You should specify the type of audio feature by --asr_model <deepspeech, esperanto, hubert>
when training and testing.
-
DeepSpeech
python data_utils/deepspeech_features/extract_ds_features.py --input data/<name>.wav # save to data/<name>.npy
-
Wav2Vec
You can also try to extract audio features via Wav2Vec like RAD-NeRF by:
python data_utils/wav2vec.py --wav data/<name>.wav --save_feats # save to data/<name>_eo.npy
-
HuBERT
In our test, HuBERT extractor performs better for more languages, which has already been used in GeneFace.
# Borrowed from GeneFace. English pre-trained. python data_utils/hubert.py --wav data/<name>.wav # save to data/<name>_hu.npy
Train
First time running will take some time to compile the CUDA extensions.

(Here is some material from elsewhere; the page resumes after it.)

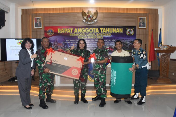 ACTUALNEWS.ID TNI AL, Bandung, 27 Februari 2023,– Primkopal (Primer Koperasi Angkatan Laut) Lanal Bandung menggelar RAT (Rapat Anggota Tahunan) Tahun Buku 2022, dengan Tema “Melalui Pemberdayaan Koperasi Angkatan Laut Kita Wujudkan Program Ketahanan Pangan Nasional Guna Meningkatkan Kesejahteraan Anggota Koperasi Beserta Keluarganya”, bertempat di Aula Mako Lanal Bandung, Jalan Aria Jipang No. 8, Kota Bandung, Senin (27/02/2023).
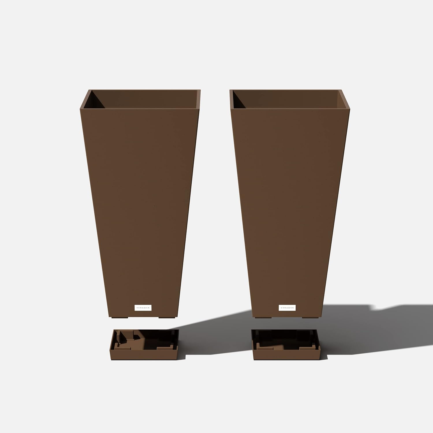 Veradek V-Resin Indoor/Outdoor Taper Planter (Espresso, 26 inch - 2 Pack with 2 Saucer Trays)

# train (head and lpips finetune, run in sequence)
python main.py data/obama/ --workspace trial_obama/ -O --iters 100000
python main.py data/obama/ --workspace trial_obama/ -O --iters 125000 --finetune_lips --patch_size 32
# train (torso)
# <head>.pth should be the latest checkpoint in trial_obama
python main.py data/obama/ --workspace trial_obama_torso/ -O --torso --head_ckpt <head>.pth --iters 200000
Test
# test on the test split
python main.py data/obama/ --workspace trial_obama/ -O --test # only render the head and use GT image for torso
python main.py data/obama/ --workspace trial_obama_torso/ -O --torso --test # render both head and torso
Inference with target audio
# Adding "--smooth_path" may help decrease the jitter of the head, while being less accurate to the original pose.
python main.py data/obama/ --workspace trial_obama_torso/ -O --torso --test --test_train --aud <audio>.npy
Citation
Consider citing as below if you find this repository helpful to your project:
@InProceedings{li2023ernerf,
author = {Li, Jiahe and Zhang, Jiawei and Bai, Xiao and Zhou, Jun and Gu, Lin},
title = {Efficient Region-Aware Neural Radiance Fields for High-Fidelity Talking Portrait Synthesis},
booktitle = {Proceedings of the IEEE/CVF International Conference on Computer Vision (ICCV)},
month = {October},
year = {2023},
pages = {7568-7578}
}
Acknowledgement
This code is developed heavily relying on RAD-NeRF, and also DFRF, GeneFace, and AD-NeRF. Thanks for these great projects.